Сумбурная неискренность современного стиля полностью сводит на нет первый принцип письма, который заключается в точности. Искусство письма — это не, как многим кажется, искусство приведения красивых фраз в ритмический порядок, а искусство представления читателю понятных символов мыслей и чувств, находящихся в уме писателя. Стремитесь быть верными, и если в вашей мысли есть какая-то красота, ваш стиль будет прекрасен; если есть какая-то реальная эмоция для выражения, выражение будет волнующим. Никогда не румяньте свой стиль. Полагайтесь на свою природную бледность, а не на косметику. Старайтесь заставить нас увидеть то, что видите вы, и почувствовать то, что чувствуете вы, и изгоните из своего ума любые фразы, которые другие могли использовать для выражения того, что было в их мыслях, но чего нет в ваших. Разве вы никогда не замечали, какое легкое впечатление производили писатели, несмотря на обилие образов, антитез, остроумных эпиграмм и раскатистых периодов, в то время как какой-нибудь более простой стиль, совершенно лишенный таких «блестящих пассажей», завоевывал внимание и уважение тысяч? Все, что приклеено в качестве украшения, воздействует на нас как украшение; мы не считаем старую каргу молодой и красивой только потому, что драгоценности сверкают на ее лбу и груди; если мы завидуем ее богатству, мы не восхищаемся ее красотой.
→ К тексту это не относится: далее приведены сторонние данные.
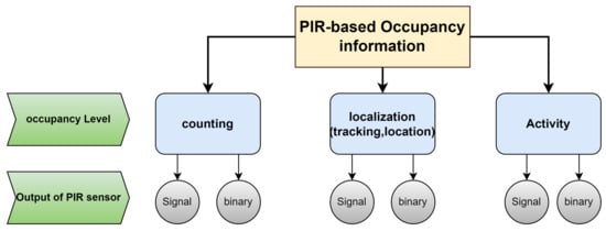 While some of the previous literature reviews mention PIR sensors, most of them consider these sensors in combination with others, focusing on sensor fusion [22,26]. These reviews typically restrict the use of PIR sensors to mere detection, ignoring their potential to capture other levels of occupancy information, such as activity. Moreover, we observe a notable gap in the existing literature: there is a lack of comprehensive reviews that consider the integration of occupancy information with machine learning techniques in conjunction with PIR sensors. Although these reviews often compare PIR sensors with different sensor types, they do not specifically address the application of machine learning to different levels of occupancy information based on PIR sensors. Additionally, while they do not look at and differentiate signal-based and binary PIR sensors for different levels of occupancy information, key aspects such as the spatial resolution of binary and signal-based PIR sensors and the influence of sensor placement are neglected. Consequently, this literature review is specifically dedicated to investigating the application of PIR sensors in people counting, localization (including tracking and location determination), and activity detection. Importantly, we focus on the impact of machine learning algorithms and various data processing techniques applied to PIR sensors, encompassing both binary and signal-based types. We explore the scope and application of PIR sensors in various settings, such as buildings and individual rooms. Furthermore, we analyze the reliability of PIR sensors for accurately capturing occupancy data. This involves evaluating factors such as sensor placement and determining the appropriate number of both binary and signal-based PIR sensors required for different levels of occupancy information. This comprehensive review aims not only to understand the current state of PIR sensor technology but also to provide insights into optimizing their effectiveness in diverse environments.

То, чем является «красивописание» для прозаиков, неискренняя образность является для поэтов: она вводится ради эффекта, а не используется как средство выражения. К настоящему поэту образ приходит спонтанно, или, если он приходит как запоздалая мысль, он выбирается потому, что выражает его смысл и помогает нарисовать картину, которая находится в его уме, а не потому, что он красив сам по себе. Это символ, а не украшение. Возникает ли образ медленно перед умом во время созерцания или видится в той же вспышке, которая раскрывает картину, в каждом случае он возникает благодаря естественной ассоциации и ВИДИТСЯ, а не ИЩЕТСЯ. Посредственный поэт недоволен тем, что видит, и начинает искать что-то более поразительное. Он не ждет, пока образ будет принесен приливом памяти, он ищет образ, который будет живописным; и, будучи лишенным тонкого избирательного инстинкта, который направляет хорошего художника, он обычно выбирает что-то, что, как мы чувствуем, находится не совсем на своем месте. Он таким образом —

«Покрывает золотом и серебром каждую часть, И скрывает украшением недостаток своего искусства».

Будьте верны своей собственной душе и не пытайтесь выразить мысль другого. «Если некоторые люди, — говорит Рёскин, — действительно видят ангелов там, где другие видят лишь пустое пространство, пусть они рисуют ангелов: только пусть никто другой не думает, что он тоже может нарисовать ангела по каким-то рассчитанным принципам ангельского». К несчастью, это именно то, что многие будут пытаться сделать, вдохновленные успехом ангельского живописца. И неудача других не предупредит их.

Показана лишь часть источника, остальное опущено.